CAIRO: Egyptian police and soldiers fired guns and teargas to try to clear protesters from Cairo's Tahrir Square on the fifth day of clashes that have killed 13 people and drawn a stinging rebuke from US Secretary of State Hillary Clinton.
Clinton on Tuesday condemned as "particularly shocking" incidents such as one in which two Egyptian soldiers were filmed dragging a woman protester on the ground by her black full-body veil, exposing her bra, then clubbing and kicking her.
The confrontations provide a turbulent backdrop to Egypt's progress towards democracy, with nine provinces, mostly outside the capital, holding run-off votes on Wednesday and Thursday in a parliamentary election being staggered over six weeks.
The army has pledged to hand power to an elected president by July, but its plans to permanently shield itself from civilian oversight in the new constitution have enraged pro-democracy protesters, who want it to hand over power at once.
Medical sources say 13 people have been killed and hundreds wounded in the latest violence, which began on Friday in Tahrir and nearby streets leading to parliament and the cabinet office.

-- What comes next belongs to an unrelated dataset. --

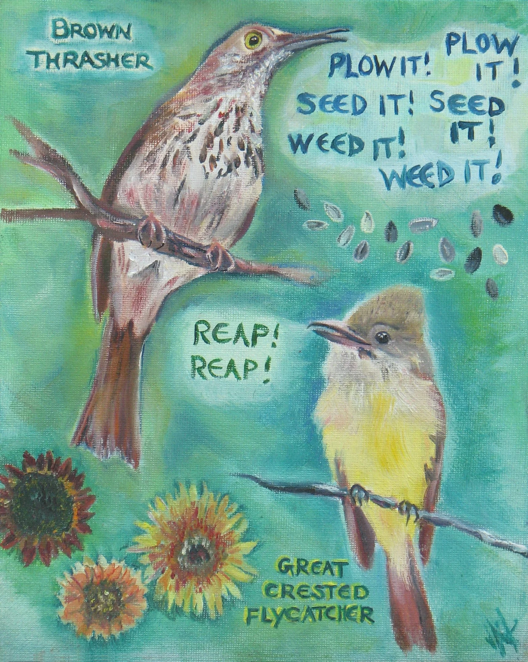 These illustrations came about because Iām an avid bird lover and identify them best by their songs/calls. Mnemonic phrases are used to identify/remember species by linking sounds and syllables with a phrase.

"Women protesters have been rounded up and subjected to horrific abuse. Journalists have been sexually assaulted. And now women are being attacked, stripped and beaten in the streets," Clinton said in a speech at Washington's Georgetown University on Monday.
"This systematic degradation of Egyptian women dishonours the revolution, disgraces the state and its uniform and is not worthy of a great people," she added, in some of the strongest US criticism of Egypt's new rulers.
The United States, which saw deposed leader Hosni Mubarak as a staunch ally, gives Cairo $1.3 billion a year in military aid.